WHAT THE TASK ASKS:
Please keep pictures out and return the lines below exactly, from the one holding "The Whims Oat" through the last, both included.

DATA BELOW:
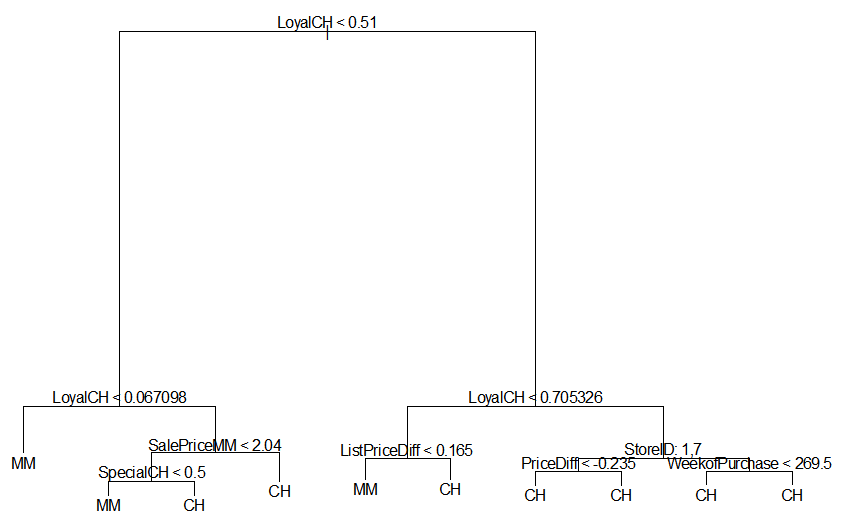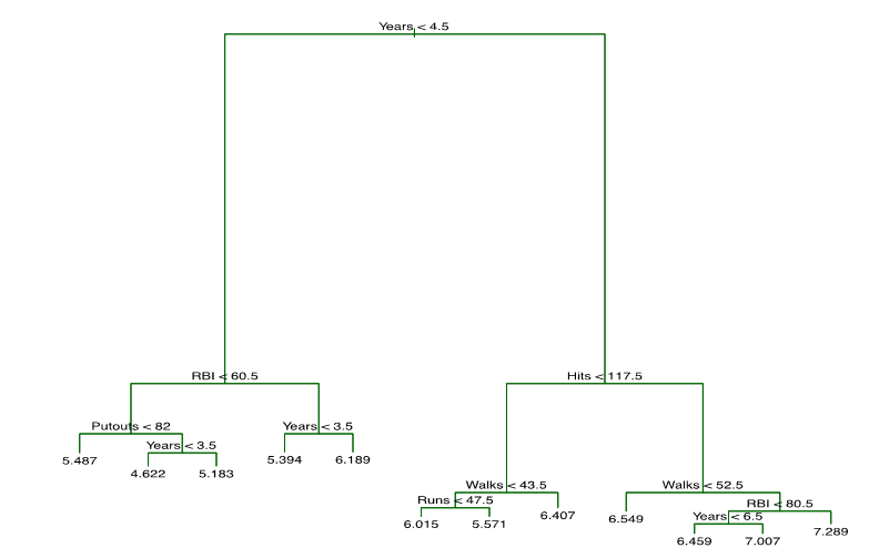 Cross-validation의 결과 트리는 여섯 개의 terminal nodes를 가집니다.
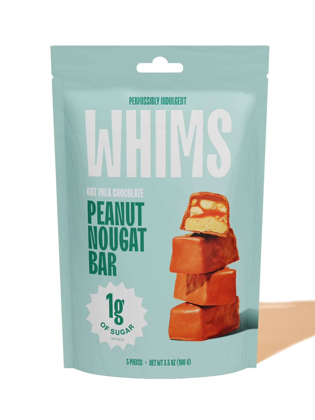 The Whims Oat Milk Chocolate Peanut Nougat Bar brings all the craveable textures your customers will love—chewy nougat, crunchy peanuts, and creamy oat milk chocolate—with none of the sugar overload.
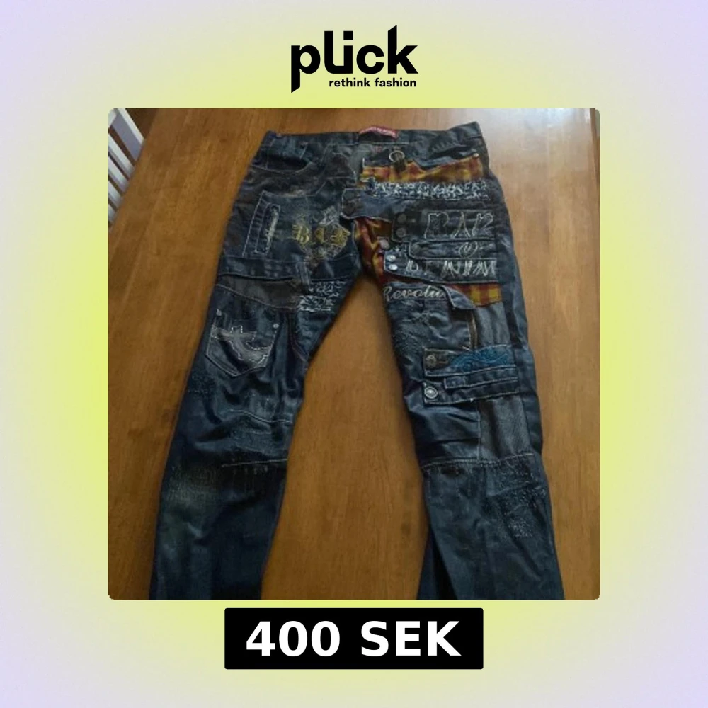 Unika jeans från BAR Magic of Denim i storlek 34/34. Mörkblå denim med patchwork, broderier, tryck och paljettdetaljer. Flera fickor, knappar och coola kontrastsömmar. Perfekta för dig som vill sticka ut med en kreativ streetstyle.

REPLY:
 The Whims Oat Milk Chocolate Peanut Nougat Bar brings all the craveable textures your customers will love—chewy nougat, crunchy peanuts, and creamy oat milk chocolate—with none of the sugar overload.
 Unika jeans från BAR Magic of Denim i storlek 34/34. Mörkblå denim med patchwork, broderier, tryck och paljettdetaljer. Flera fickor, knappar och coola kontrastsömmar. Perfekta för dig som vill sticka ut med en kreativ streetstyle.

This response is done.